Those who are kapha dominant want to stick with light and stimulating meals, ideally steering clear of heavy comfort foods. Mung bean pancakes for breakfast will satisfy you early on without bogging you down, and masoor dal soup for lunch, plus carrot soup for dinner, will keep things light but still nutrient-dense and packed with veggies.

Breakfast: Mung Bean Pancakes

Ingredients

  • 1 cup yellow mung beans (soaked 3 hours or overnight)
  • ½ tsp. ground roasted cumin
  • ½ tsp. rock salt
  • ¼ tsp. ground turmeric
  • ¼ tsp. grated fresh ginger
  • ⅛ tsp. asafoetida
  • 2 tbsp. ghee

Method

  1. Drain soaking liquid from mung beans and place in a blender. Blend on high speed for about 1 minute, adding a small amount of water (about 2 tablespoons) until smooth.
  2. Add cumin, salt, turmeric, ginger, and asafoetida and blend again briefly in the mixture with enough water so that the batter is a medium-thin consistency similar to wheat-flour pancake batter.
  3. Heat a small amount of ghee (½ to 1 teaspoon) in a skillet or griddle on medium heat.
  4. Drop a small ladle full of batter (¼ cup) onto griddle and spread in a circle. Cook on first side until edges start to brown and lift, about 5 minutes.
  5. Flip pancake with spatula and cook on second side until golden brown, about 3 to 5 minutes.
  6. Repeat steps 3 through 5 with the rest of the batter and ghee.

Lunch: Masoor Dal Soup

Ingredients

  • ½ cup split red masoor dal⁠
  • ¼ teaspoon turmeric powder⁠
  • Himalayan pink rock salt⁠
  • 1 teaspoon ghee⁠
  • ¼ teaspoon cumin seeds⁠
  • ½ onion, diced⁠
  • 2 carrots, chopped⁠
  • ½ kale or spinach, chopped ⁠
  • Chopped lemon for seasoning (optional)⁠
  • Seasonal vegetables such as beets, carrots, green beans, okra, white onions, squash, or yam, chopped in 1-inch-cube size

Method

  1. Rinse masoor dal until water is clear, then add to a small bowl. Add enough water to cover dal by 1 inch. Soak for at least 1 hour.⁠
  2. Put dal, soaking water, turmeric, seasonal vegetables, and salt to taste into a pot. Bring mixture to boil, then reduce heat to low and simmer until the dal looks mushy, about 20 minutes.⁠
  3. Heat ghee in a small skillet over medium heat. Add cumin seeds, swirl, and cook until fragrant, 10 to 15 seconds. Add diced onions, mix, and cook for 2 minutes.
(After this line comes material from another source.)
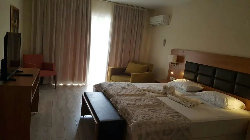в 95 км от аэропорта г. Даламан, в 130 км от аэропорта Милас Бодрума, в 1 км от центра г. Мармарис, в 200 м от городского пляжа.

Add carrots; cook until they are soft enough to cut with a spoon. Then add kale or spinach and cook until soft.⁠
  4. Add cooked ghee mixture to cooked dal. Garnish with lemon for a great flavor and eat while warm.

Dinner: Carrot Soup

Ingredients

  • 1 tbsp. ghee
  • ½ tsp. cumin seeds
  • ½ chopped white onion
  • 1 cup coconut milk
  • 2 tbsp. almond powder
  • 2 tbsp. roasted cumin powder
  • 1 lb. organic carrots, chopped
  • Cilantro, to taste

Method

  1. Place a pan with 1 tbsp. ghee on medium heat. Add cumin seeds and onion. Sauté carrots for 3 to 5 minutes, then add coconut milk, almond powder, and roasted cumin powder.
  2. When carrots are soft, pour the mixture into a high-powered blender and blend until smooth.
  3. Serve in a bowl, with a sprinkle of cilantro leaves if desired. 

The bottom line.

When we eat in a way that's tailored to our specific needs, our bodies (and particularly our digestive system) will thank us. On top of these dosha-complementing foods, consider incorporating other Ayurvedic practices as well, like digestive-supporting teas or oil pulling, to maximize the benefits of this tried-and-trusted system.